Try it —
Return verbatim every line from the first line of the data below to the line that contains "Genopole and Croda", inclusive, and no further.

Task material —
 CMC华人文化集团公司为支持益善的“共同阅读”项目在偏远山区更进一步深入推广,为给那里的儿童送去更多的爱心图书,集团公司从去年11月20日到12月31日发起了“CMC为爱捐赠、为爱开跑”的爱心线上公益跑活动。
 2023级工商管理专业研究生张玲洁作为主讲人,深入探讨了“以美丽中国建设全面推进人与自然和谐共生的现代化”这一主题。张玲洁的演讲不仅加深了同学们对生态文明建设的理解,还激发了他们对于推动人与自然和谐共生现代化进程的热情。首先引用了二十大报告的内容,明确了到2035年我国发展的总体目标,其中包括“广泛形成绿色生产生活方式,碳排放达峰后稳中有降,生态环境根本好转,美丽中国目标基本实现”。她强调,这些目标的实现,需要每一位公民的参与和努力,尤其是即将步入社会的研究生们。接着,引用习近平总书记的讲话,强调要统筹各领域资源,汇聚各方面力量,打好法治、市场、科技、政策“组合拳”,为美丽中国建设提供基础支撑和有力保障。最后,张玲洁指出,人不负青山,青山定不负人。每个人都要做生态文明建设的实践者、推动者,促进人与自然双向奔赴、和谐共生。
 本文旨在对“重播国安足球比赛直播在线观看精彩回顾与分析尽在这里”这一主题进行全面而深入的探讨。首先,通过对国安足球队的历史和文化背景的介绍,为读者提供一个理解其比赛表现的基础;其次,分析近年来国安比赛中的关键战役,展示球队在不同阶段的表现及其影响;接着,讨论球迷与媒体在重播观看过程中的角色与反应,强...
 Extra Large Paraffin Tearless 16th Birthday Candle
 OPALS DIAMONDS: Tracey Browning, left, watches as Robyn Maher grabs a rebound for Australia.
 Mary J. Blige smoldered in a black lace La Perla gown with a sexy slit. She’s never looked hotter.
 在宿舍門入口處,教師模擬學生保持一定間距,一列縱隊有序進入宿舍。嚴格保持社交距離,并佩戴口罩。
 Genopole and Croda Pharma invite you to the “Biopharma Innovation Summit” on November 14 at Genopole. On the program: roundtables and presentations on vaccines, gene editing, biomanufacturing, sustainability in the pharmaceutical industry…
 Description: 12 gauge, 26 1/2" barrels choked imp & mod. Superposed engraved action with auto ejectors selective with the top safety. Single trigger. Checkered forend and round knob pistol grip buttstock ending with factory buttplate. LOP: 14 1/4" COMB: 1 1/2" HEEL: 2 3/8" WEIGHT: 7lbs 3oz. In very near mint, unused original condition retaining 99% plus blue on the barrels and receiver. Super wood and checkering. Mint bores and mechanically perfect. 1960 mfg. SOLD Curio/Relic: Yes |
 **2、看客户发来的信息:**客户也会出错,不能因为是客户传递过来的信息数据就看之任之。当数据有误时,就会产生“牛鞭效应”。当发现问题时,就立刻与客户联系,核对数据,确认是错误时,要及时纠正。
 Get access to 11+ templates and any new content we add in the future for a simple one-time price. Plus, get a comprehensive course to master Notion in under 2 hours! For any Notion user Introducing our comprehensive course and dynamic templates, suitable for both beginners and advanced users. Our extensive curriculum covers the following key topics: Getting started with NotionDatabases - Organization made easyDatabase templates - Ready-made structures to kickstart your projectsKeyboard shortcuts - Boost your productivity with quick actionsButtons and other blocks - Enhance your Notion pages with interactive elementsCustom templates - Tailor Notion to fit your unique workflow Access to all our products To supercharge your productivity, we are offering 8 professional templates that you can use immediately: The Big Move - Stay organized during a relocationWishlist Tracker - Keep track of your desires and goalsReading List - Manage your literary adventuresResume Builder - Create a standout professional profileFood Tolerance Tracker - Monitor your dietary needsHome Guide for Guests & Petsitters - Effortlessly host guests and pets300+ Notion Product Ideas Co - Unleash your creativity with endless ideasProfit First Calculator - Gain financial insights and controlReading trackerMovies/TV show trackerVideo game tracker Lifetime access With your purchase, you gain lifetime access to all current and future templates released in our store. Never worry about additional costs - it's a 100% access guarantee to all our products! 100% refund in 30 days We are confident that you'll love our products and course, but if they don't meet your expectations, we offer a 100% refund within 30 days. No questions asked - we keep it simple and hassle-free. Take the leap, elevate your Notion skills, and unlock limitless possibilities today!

Final answer —
 CMC华人文化集团公司为支持益善的“共同阅读”项目在偏远山区更进一步深入推广,为给那里的儿童送去更多的爱心图书,集团公司从去年11月20日到12月31日发起了“CMC为爱捐赠、为爱开跑”的爱心线上公益跑活动。
 2023级工商管理专业研究生张玲洁作为主讲人,深入探讨了“以美丽中国建设全面推进人与自然和谐共生的现代化”这一主题。张玲洁的演讲不仅加深了同学们对生态文明建设的理解,还激发了他们对于推动人与自然和谐共生现代化进程的热情。首先引用了二十大报告的内容,明确了到2035年我国发展的总体目标,其中包括“广泛形成绿色生产生活方式,碳排放达峰后稳中有降,生态环境根本好转,美丽中国目标基本实现”。她强调,这些目标的实现,需要每一位公民的参与和努力,尤其是即将步入社会的研究生们。接着,引用习近平总书记的讲话,强调要统筹各领域资源,汇聚各方面力量,打好法治、市场、科技、政策“组合拳”,为美丽中国建设提供基础支撑和有力保障。最后,张玲洁指出,人不负青山,青山定不负人。每个人都要做生态文明建设的实践者、推动者,促进人与自然双向奔赴、和谐共生。
 本文旨在对“重播国安足球比赛直播在线观看精彩回顾与分析尽在这里”这一主题进行全面而深入的探讨。首先,通过对国安足球队的历史和文化背景的介绍,为读者提供一个理解其比赛表现的基础;其次,分析近年来国安比赛中的关键战役,展示球队在不同阶段的表现及其影响;接着,讨论球迷与媒体在重播观看过程中的角色与反应,强...
 Extra Large Paraffin Tearless 16th Birthday Candle
 OPALS DIAMONDS: Tracey Browning, left, watches as Robyn Maher grabs a rebound for Australia.
 Mary J. Blige smoldered in a black lace La Perla gown with a sexy slit. She’s never looked hotter.
 在宿舍門入口處,教師模擬學生保持一定間距,一列縱隊有序進入宿舍。嚴格保持社交距離,并佩戴口罩。
 Genopole and Croda Pharma invite you to the “Biopharma Innovation Summit” on November 14 at Genopole. On the program: roundtables and presentations on vaccines, gene editing, biomanufacturing, sustainability in the pharmaceutical industry…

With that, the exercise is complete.